In Mwandi, a quiet village in Zambia’s Western Province, access to surgery has always been a challenge. Its single hospital – Mwandi Mission Hospital – serves more than 30,000 people, but has had to refer patients to nearby hospitals for major surgical operations – the closest of which is several hours away by car.
That reality changed when the Churches Health Association of Zambia (CHAZ) procured a UAM for Mwandi. Once the machine was installed and the hospital’s staff trained, they began to see marked improvements in their surgical care: they expanded the types of operations they could perform, nearly tripled their monthly case load and completed surgeries that would have otherwise been cut short due to electricity outages, which happen daily.

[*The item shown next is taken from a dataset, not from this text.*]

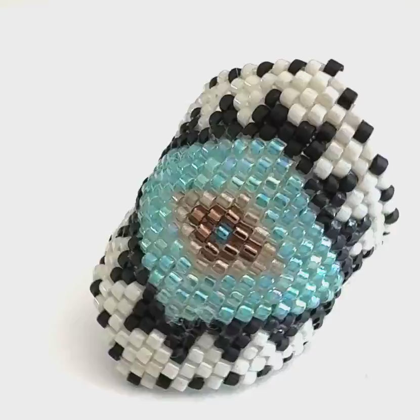 The rings are woven in peyote stitch. The ring is woven circularly then the rest of the ring is woven linearly for pointed models.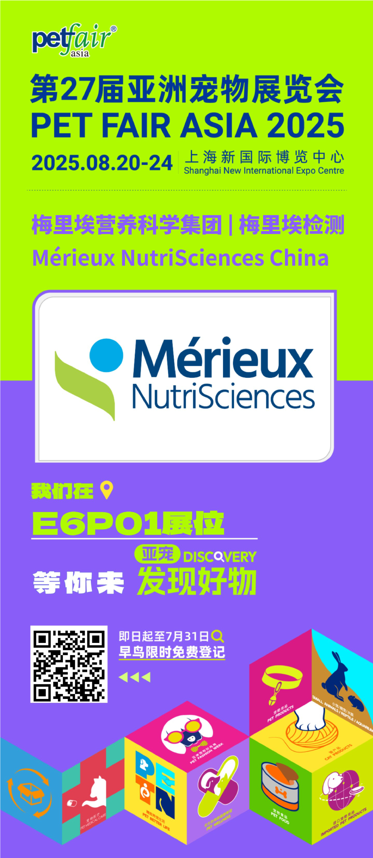 此次參展亞寵展,為了更好地向客戶提供咨詢服務,梅里埃營養科學(中國)將安排寵物食品技術專家出席展會,現場為大家答疑解惑。屆時,歡迎各位嘉賓蒞臨梅里埃營養科學(中國)展位參觀交流!亞寵展E6P01,期待與您相見!

“The UAM has been a major help for us,” said Isaac Tembo, a clinical officer at Mwandi. “It is reliable, easy to use, great for monitoring patients and dependable when the power fails.”
But the UAM’s impact on oxygen availability was just as significant. Since the UAM produces its own concentrated oxygen to deliver anesthesia, its users don’t have to purchase portable oxygen cylinders. For Mwandi, this meant major cost and logistical savings on having to buy and transport the cylinders. Instead, they can rely on the UAM’s oxygen and keep a single cylinder as a backup source.
“We used to have to replace our cylinder every six weeks,” Tembo continued. “But with the UAM, we’ve gone six months without needing a new one!”